What better way to get to know yourself than to spend some quality time pleasuring yourself? Take matters into your own hands (literally) and discover what your wants and needs are. Discover what turns you on. “I’m a big believer that getting reacquainted with your own body first with embodied self-pleasure is one of the most powerful practices you can do to heal from the inside out,” Kuzins said. Play music, relax, and take your time exploring different ways of stimulating yourself. If you’re considering bringing a toy or two into the mix, Kuzins recommended choosing a crystal wand over a battery-operated vibrator to have more control over your touch. “Go at your own pace,” advised Kuzins. “Truly feel your body from the inside, literally. This can be helpful for women who feel numbness or pain, but just make sure it is done with gentleness.”

 

4. Be mindful of your environment

Whether we realize it or not, our everyday surroundings have a direct impact on our mood and emotions. “Your environment is stronger than your willpower,” cited Kuzins. She emphasized romancing ourselves and our lives: “Clean up your space, light the candles, buy fresh flowers just because, put on music while you cook dinner, wear lingerie to bed for yourself, put on makeup if it makes you feel good even if you’re just working from home.” Especially when you find yourself in the midst of a lull, pay attention to what you wear, how much natural light you’re exposed to, what your desk looks like, and the quality of the air you’re breathing in. 

 

5. Journal 

We’re all guilty of getting in our own heads, and our internal dialogues can keep us stuck in the past. Journaling can flip the script by helping you uncover and process your feelings, notice any thought or behavioral patterns, and regain your sense of who you are. “Journaling helps get our feelings out of our body and onto the page,” Kuzins suggested. Putting pen to paper allows you to confront any traumas in a private, safe space. Not sure where to start?
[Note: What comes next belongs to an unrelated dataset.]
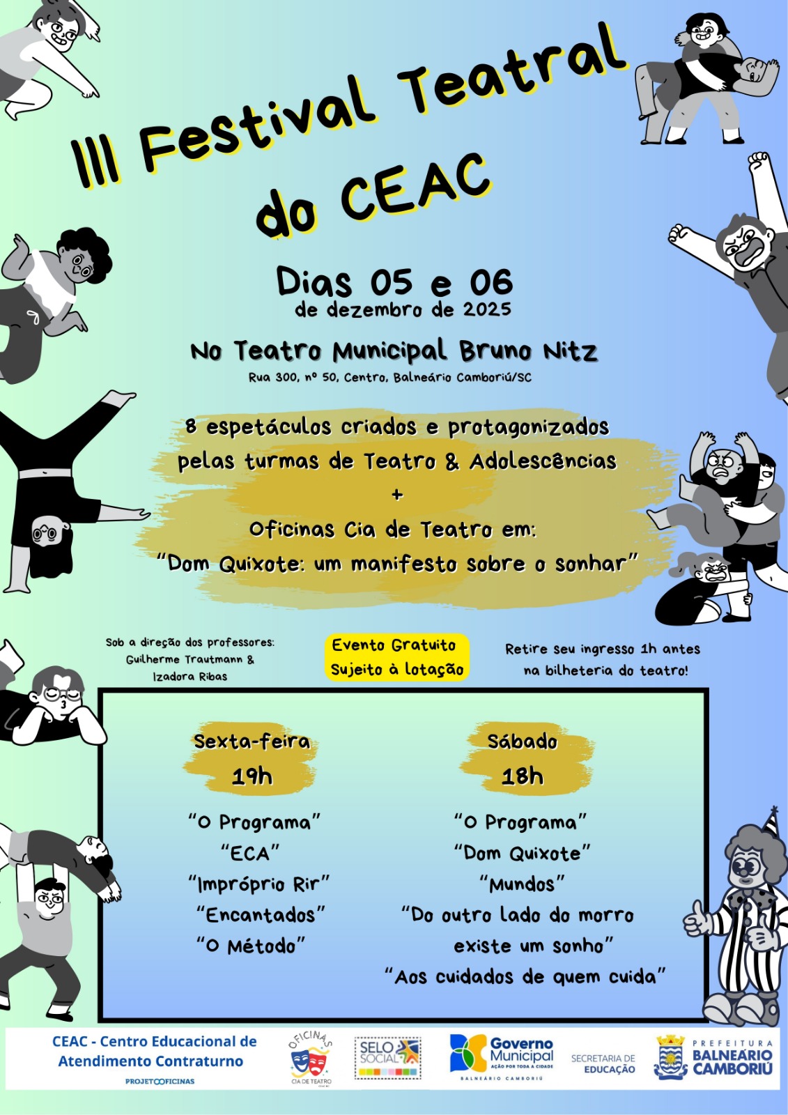 Fechando a primeira semana do mês, o “3º Festival Teatral do CEAC” levará ao palco oito espetáculos criados e protagonizados pelas turmas de Teatro e Adolescências sexta-feira (5), às 19h, e sábado (6), às 18h. A entrada também é gratuita.

Set a timer for 1-2 minutes and write whatever comes to mind, unedited and free of any judgment. 

 

This article is intended to inspire you to live your best life, not to serve as mental or sexual health treatment. If you’re experiencing symptoms of anxiety, depression, or chronic stress, it’s important to reach out and get help. See your doctor, get in contact with a therapist, and/or talk to a close friend or family member. If you are experiencing suicidal thoughts or actions, get help immediately.